Memory usage should be the same with finetuning as with pre-training. It basically will just depend on the model size, device_train_microbatch_size
, max_seq_len
and mode.attn_config.attn_impl
.
I guess with FSDP sharding it'll also depend on the number of devices. 8 should be enough with 80GBs of GPU RAM, but might not be enough with 40GBs.
In any case, lowering device_train_microbatch_size
to 4 is your best bet :)
i am using the exact same config. A little unclear how to use the huggingface model
i am adding this at the end of yaml
load_path: /root/.cache/huggingface/modules/transformers_modules/mosaicml/mpt-7b/d8304854d4877849c3c0a78f3469512a84419e84/
i get the cuda error in data loading stage itself , when i reduce seq_len to low value like 100 it goes away but then it happens during model loading stage nvidia-smi gives this
+-----------------------------------------------------------------------------+
| NVIDIA-SMI 525.85.12 Driver Version: 525.85.12 CUDA Version: 12.0 |
|-------------------------------+----------------------+----------------------+
| GPU Name Persistence-M| Bus-Id Disp.A | Volatile Uncorr.

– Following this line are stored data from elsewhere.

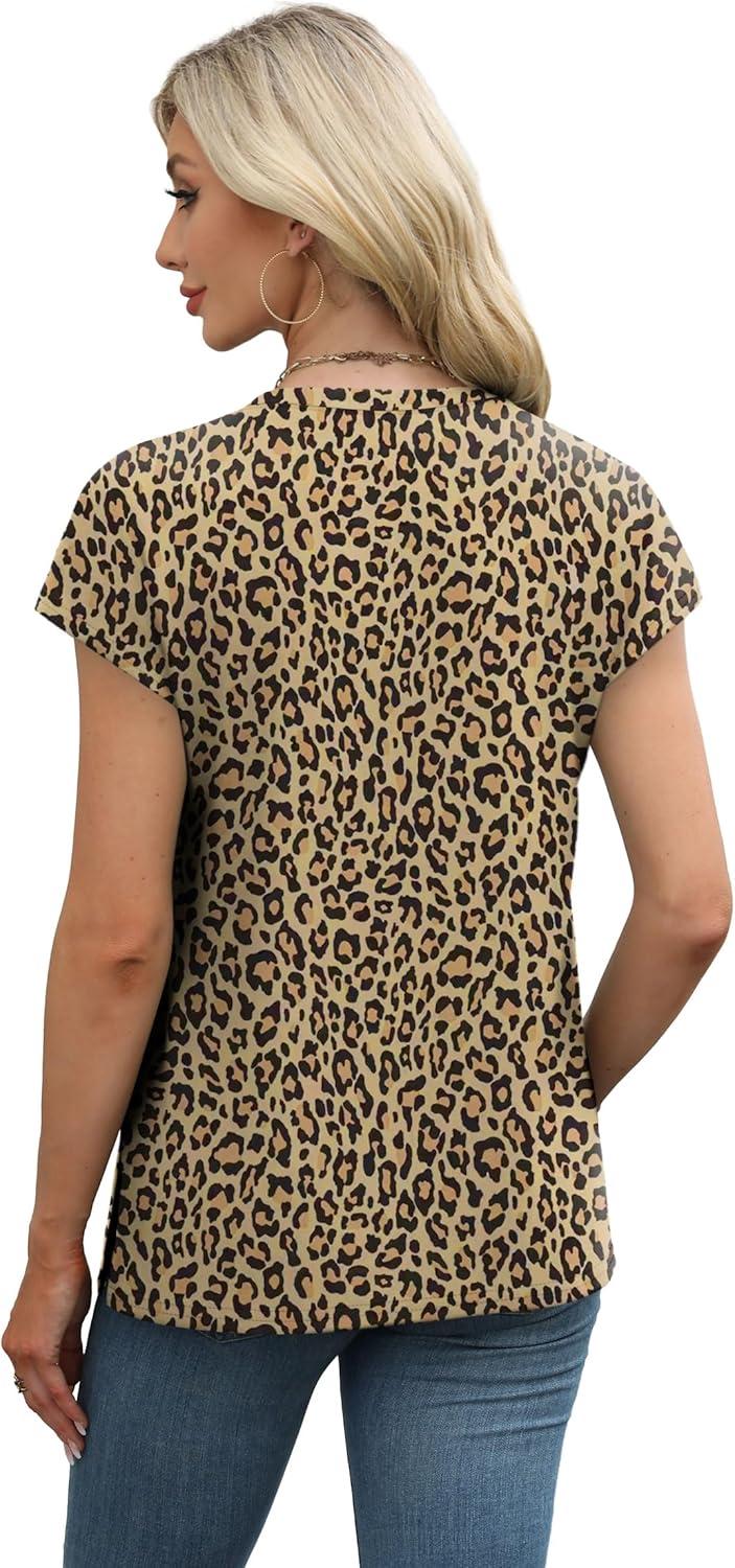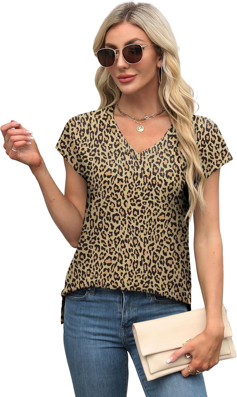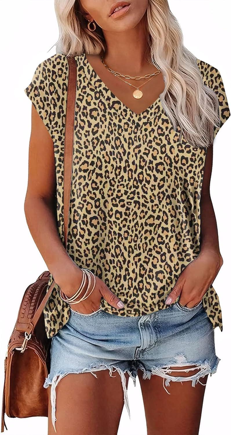 XIEERDUO Womens Tops V Neck Cap Sleeve Loose Fit Tee Shirts Summer Spring 2025 Eyelet/Printed(Printed H)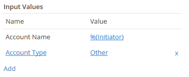 - Under Input Values, select the desired values you want to input in your integrated system. Use Workflow tokens to insert dynamic values based on the running workflow. For creation and update actions, this is where you specify what you want to change in the integrated system. In addition to default values required by the system, you can click Add to insert additional information.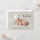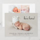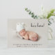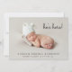 Minimal photo birth announcement to announce the arrival of your baby to family and friends. Your newborn's photo fills the front and is overlayed with "she's here!" "he's here!" or "I'am here!" in a contemporary script (you can move this text to another area on the card depending on your photo by selecting "edit in design tool"). Add his or her name, arrival date and birth stats below. On the reverse side, add four additional family photos, a "welcomed by" message and the parent's and siblings first names.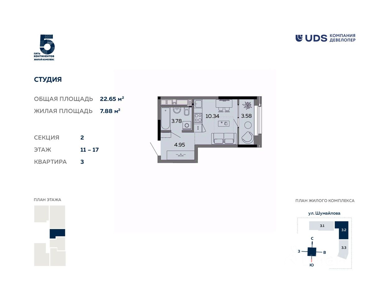 • Всего 5 квартир на этаже,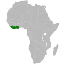 The green-tailed bristlebill (Bleda eximius) is a species of songbird in the bulbul family, Pycnonotidae. It is found in West Africa from Sierra Leone to Ghana. Its natural habitat is tropical moist lowland forests. It is threatened by habitat loss. The green-tailed bristlebill was originally described in the genus Trichophorus (a synonym for Criniger).[2] Formerly, some authorities considered the yellow-lored bristlebill as conspecific with the green-tailed bristlebill.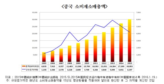 보고서에 따르면 지난해 중국의 소비재소매총액은 4조8316억 달러로 우리나라 3506억 달러의 13.7배에 달했다. 중국의 소비재소매총액 연간 증가 추이를 보면 2014년 전년대비 5051억 달러, 2015년 전년대비 4197억 달러가 증가하는 등 시장규모가 크게 확대됐다.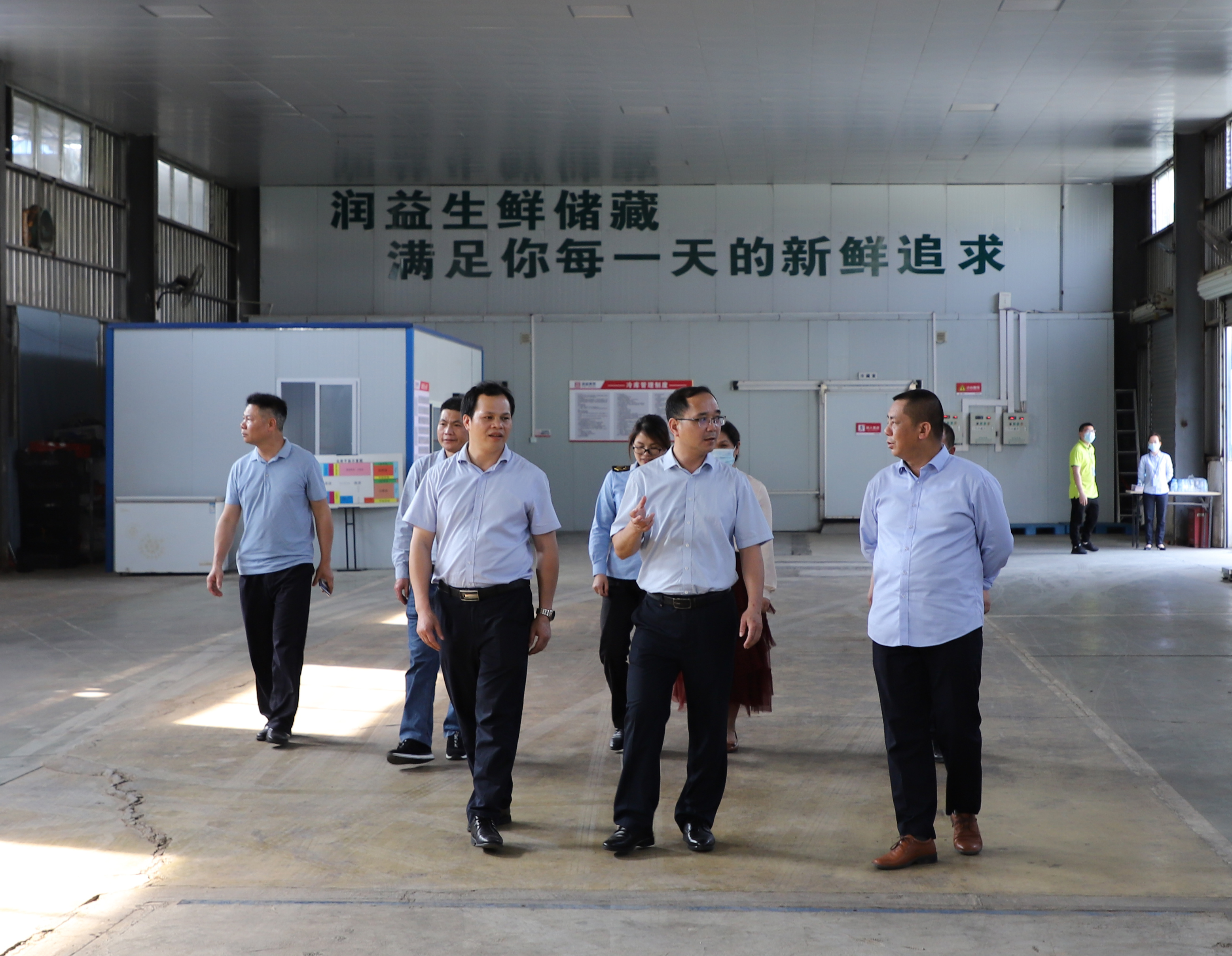 ????????3月19日,百色市市場監(jiān)督管理局總工程師黃承忠率隊(duì)到潤益商貿(mào)公司開展春季食品安全調(diào)研檢查工作,右江區(qū)市場監(jiān)管局、益眾公司等有關(guān)負(fù)責(zé)同志陪同調(diào)研。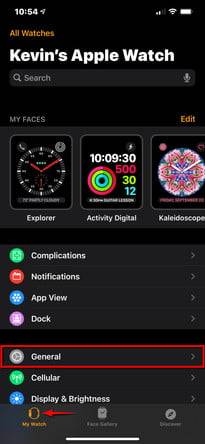 步骤2:如果默认情况下未加载,请点击“我的手表”标签。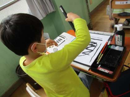 本日初めての書写「毛筆」を行いました。絵の具の筆とはまた違う筆にわくわくした表情の子どもたち。準備の仕方、道具の置き方や持ち方を学んだあと、墨汁をつけて半紙に書いてみました。次の毛筆の時間も楽しみな様子でした。
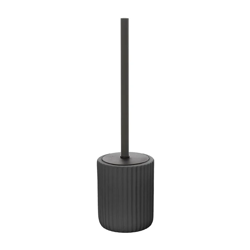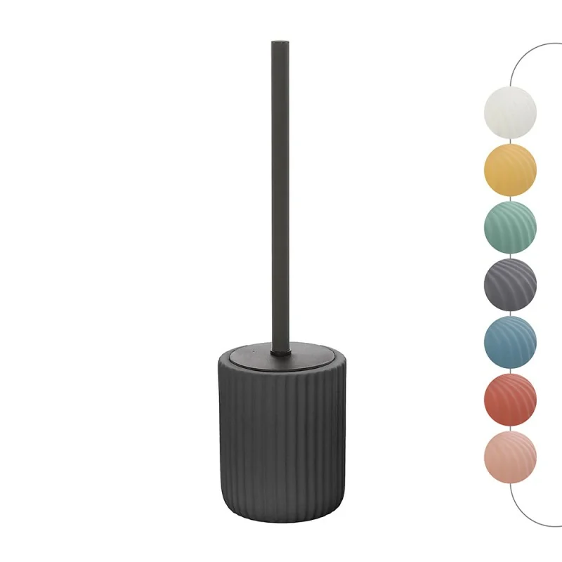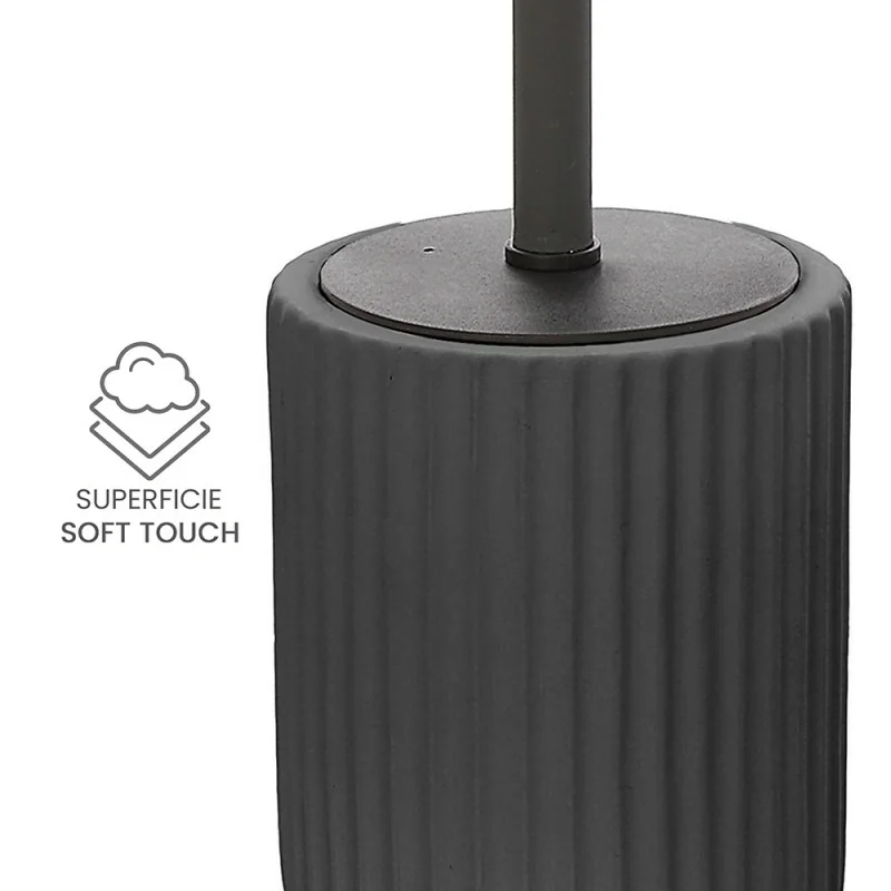Portascopino bagno da appoggio con superficie cannettata, setole nere anti-igieniche con paraspruzzi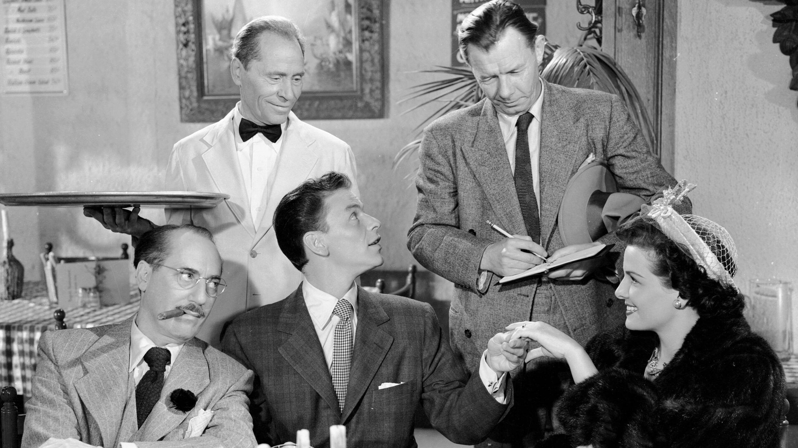 An innocent bank teller, suspected of embezzlement, is aided by an eccentric, wisecracking waiter.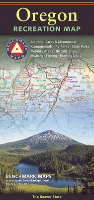 The Oregon Recreation Map is a folded map version of the Recreation Guide pages within Benchmark's Oregon Road & Recreation Atlas. One side provides a full state map that features Public Lands, extensive highway detail, point-to-point mileages, recreation attractions, campgrounds, parks and wildlife areas, fishing access points, and hunting units (GMU). The reverse side features categorized recreation POI listings with helpful descriptions, current contact information, and map grid references.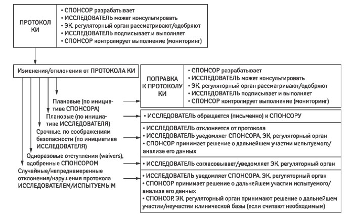 До начала каждого КИ представители спонсора просят исследователя подписать протокол рядом с подписью представителей спонсора на так называемой подписной странице. Этим он подтверждает, что ознакомился с представленным протоколом и согласен следовать ему при проведении КИ. Дополнительно обязательство следовать утвержденному протоколу КИ (наравне с требованиями Руководства по надлежащей клинической практике, национальному законодательству и т.д.) содержится также и в контракте, который заключается между спонсором (или его представителем) и ответственным исследователем (и/или медицинским учреждением, в котором он работает). Кроме этих двух документов, исследователя часто просят подписать форму Управления по контролю за пищевыми продуктами и лекарственными средствами США (Food and Drug Administration — FDA) FDA 1572 (для исследований, результаты которых будут подаваться в управление), в которой также прописано обязательство исследователя строго следовать протоколу. Безусловно, это требует от ответственного исследователя, а также его сотрудников и помощников хорошего знания содержания протокола.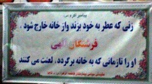 Sip. Eso dice este cartel ubicado en el espacio público de Irán. Con dios y sus ángeles merodeando por ahí, ¿quién necesita ejército o policía para reprimir a las mujeres?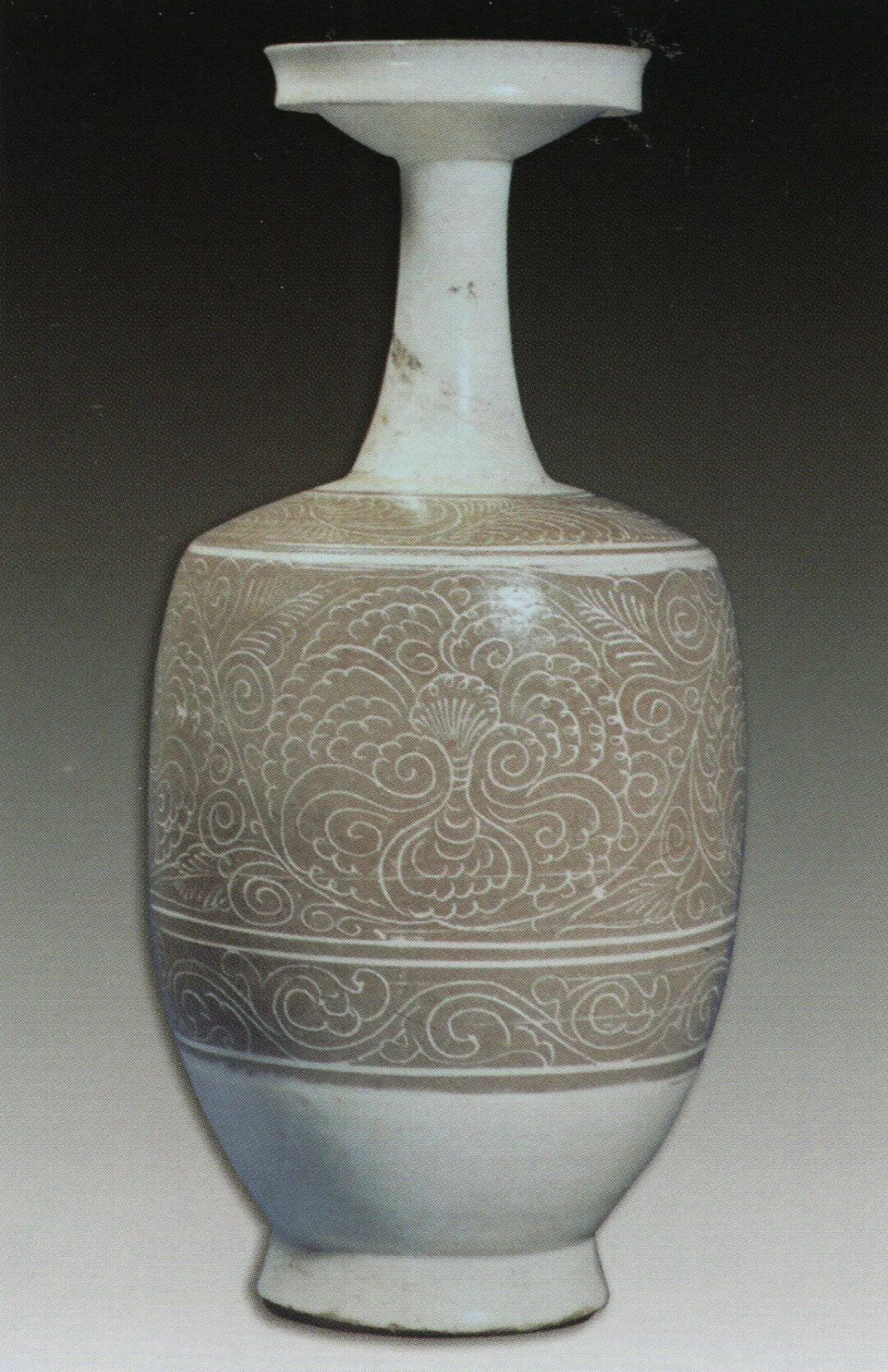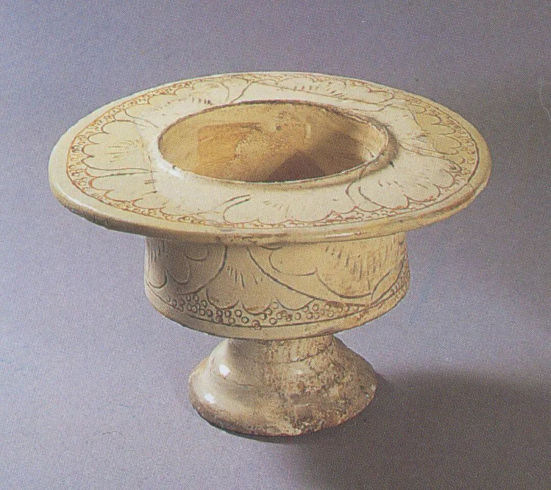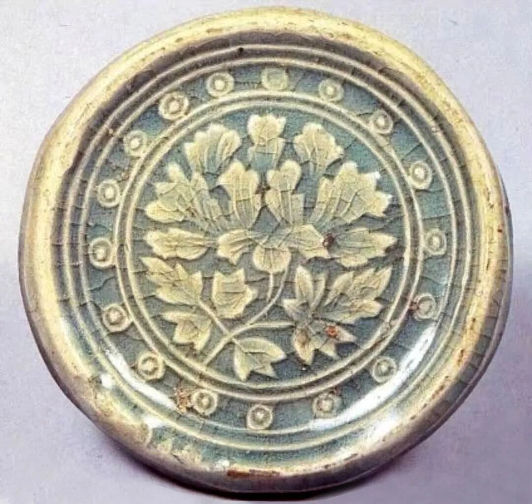 综上所述,高丽镶嵌青瓷产生于12世纪中叶,一直流行至14世纪晚期。镶嵌青瓷的一项关键技术是在刻、划、印、剔装饰的沟槽和减地部分填彩,中国北方地区早在高丽镶嵌青瓷出现前两个世纪时就已创始,并且持续发展,有珍珠地划花、白釉划花嵌白彩、黑剔花刻填、青瓷镶嵌等种类。珍珠地划花装饰是在用划线勾画出来的图案以外,用管状工具在主体花纹以外戳印小圆圈,使花纹以外形成布满小圆圈的地纹。珍珠地划花瓷器是其生产期间各窑场中的精品,也是中国北方瓷器诸多装饰手法中最具装饰效果的技法之一。因此尽管制作起来较困难且费工,但传播得较快,影响广远。目前,发现生产珍珠地划花瓷器的窑场主要分布在中原北方地区。根据现有的各种资料,生产珍珠地划花瓷器的窑场有20余处,都是当时生产水平较高、规模较大的窑场。据最新的考古发掘材料可知,珍珠地划花装饰产生于五代末期到北宋初,下限是金代后期。其发展大约可分为三个阶段。早期阶段,即10世纪后半叶或稍早。工艺较原始,新密西关窑的珍珠纹排列得较乱,珠圈较小,划纹内不填彩或只有部分填彩[图十四]。中期阶段,约从988年到1068年。这一阶段是珍珠地划花装饰的成熟发展时期[图十五],不仅生产区域扩大,也对其他的装饰技法产生了影响,后面将论及的几种装饰都是在珍珠地划花装饰的影响下产生的。晚期阶段,即神宗朝以后。珍珠地划花装饰达到了全面的繁荣[图十六,图十七],一直延续到金代前期,随后迅速的消亡,仅在山西地区持续生产。![]()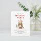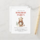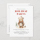 Cette carte postale confortable et rustique d'invitation à la fête de vacances présente une aquarelle illustrant un ours brun mignon vêtu de vêtements d'hiver. Les mots "Fête" apparaissent dans des lettres serif rouge rond qui se coordonnent avec l'art. Ajoutez l'heure de la fête, l'emplacement et d'autres détails ci-dessous, et votre adresse de retour au verso.
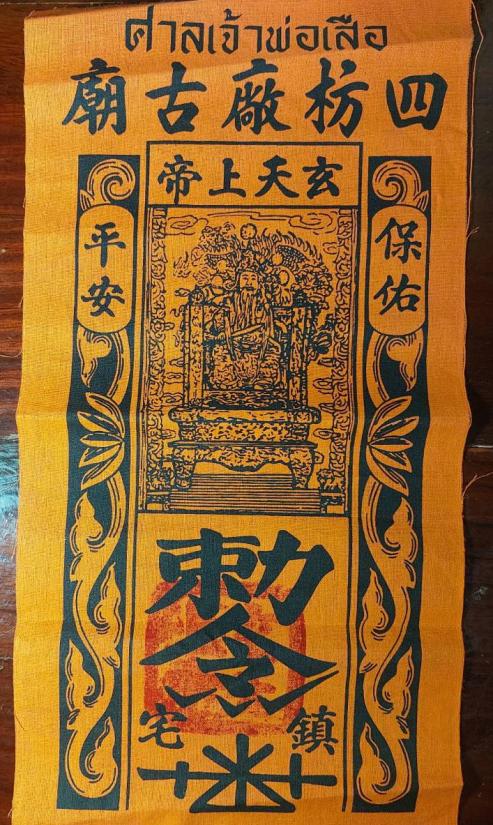 รายละเอียด ผ้ายันต์จากศาลเจ้าพ่อเสือ (ฮู้ตั่วเหล่าเอี๊ย)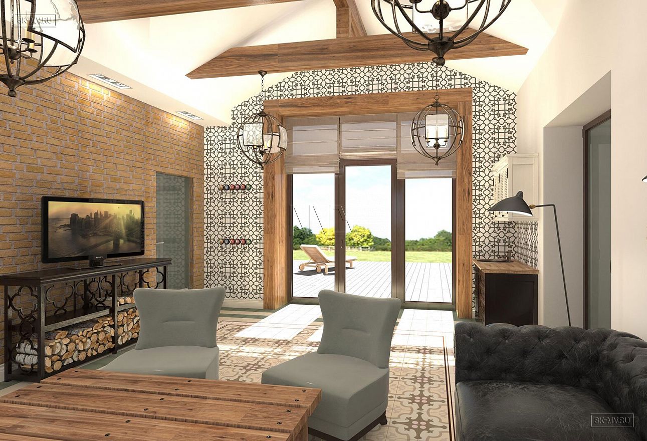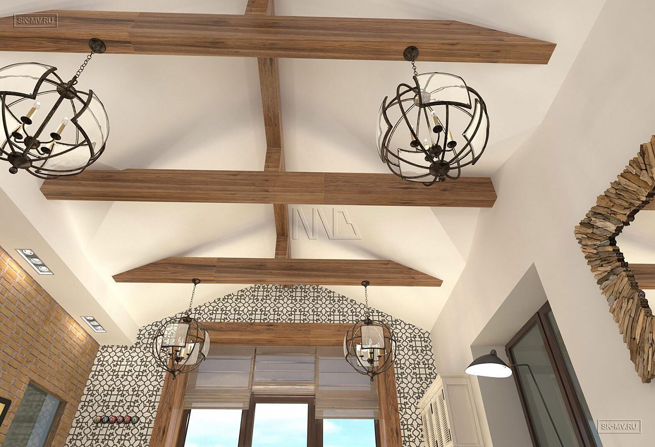 Стропильная система заводского изготовления (доска 45 × 195 мм, сухая, строганная) с применением балок из клееного бруса или бруса LVL.

ECC |
| Fan Temp Perf Pwr:Usage/Cap| Memory-Usage | GPU-Util Compute M. |
| | | MIG M. |
|===============================+======================+======================|
| 0 NVIDIA A100-SXM... On | 00000000:10:1C.0 Off | 0 |
| N/A 26C P0 51W / 400W | 0MiB / 40960MiB | 0% Default |
| | | Disabled |
+-------------------------------+----------------------+----------------------+
| 1 NVIDIA A100-SXM... On | 00000000:10:1D.0 Off | 0 |
| N/A 26C P0 51W / 400W | 0MiB / 40960MiB | 0% Default |
| | | Disabled |
+-------------------------------+----------------------+----------------------+
| 2 NVIDIA A100-SXM... On | 00000000:20:1C.0 Off | 0 |
| N/A 27C P0 49W / 400W | 0MiB / 40960MiB | 0% Default |
| | | Disabled |
+-------------------------------+----------------------+----------------------+
| 3 NVIDIA A100-SXM... On | 00000000:20:1D.0 Off | 0 |
| N/A 26C P0 52W / 400W | 0MiB / 40960MiB | 0% Default |
| | | Disabled |
+-------------------------------+----------------------+----------------------+
| 4 NVIDIA A100-SXM... On | 00000000:90:1C.0 Off | 0 |
| N/A 26C P0 50W / 400W | 0MiB / 40960MiB | 0% Default |
| | | Disabled |
+-------------------------------+----------------------+----------------------+
| 5 NVIDIA A100-SXM... On | 00000000:90:1D.0 Off | 0 |
| N/A 27C P0 55W / 400W | 0MiB / 40960MiB | 0% Default |
| | | Disabled |
+-------------------------------+----------------------+----------------------+
| 6 NVIDIA A100-SXM... On | 00000000:A0:1C.0 Off | 0 |
| N/A 26C P0 50W / 400W | 0MiB / 40960MiB | 0% Default |
| | | Disabled |
+-------------------------------+----------------------+----------------------+
| 7 NVIDIA A100-SXM... On | 00000000:A0:1D.0 Off | 0 |
| N/A 25C P0 49W / 400W | 0MiB / 40960MiB | 0% Default |
| | | Disabled |
+-------------------------------+----------------------+----------------------+
+-----------------------------------------------------------------------------+
| Processes: |
| GPU GI CI PID Type Process name GPU Memory |
| ID ID Usage |
|=============================================================================|
| No running processes found |
+-----------------------------------------------------------------------------+
even doing this doesnt help
global_train_batch_size: 8 # assuming 8 gpus
# System
seed: ${global_seed}
device_eval_batch_size: 1
device_train_microbatch_size: 1
# device_train_microbatch_size: auto
precision: amp_bf16
@vchiley
I'll admit to being a little puzzled by this. I was just able to run cd llm-foundry/scripts/train && composer train.py yamls/mpt/finetune/7b_dolly_sft.yaml
on 1 node with 8 A100-40GB.
Note: I did have to overwrite the load_path: ...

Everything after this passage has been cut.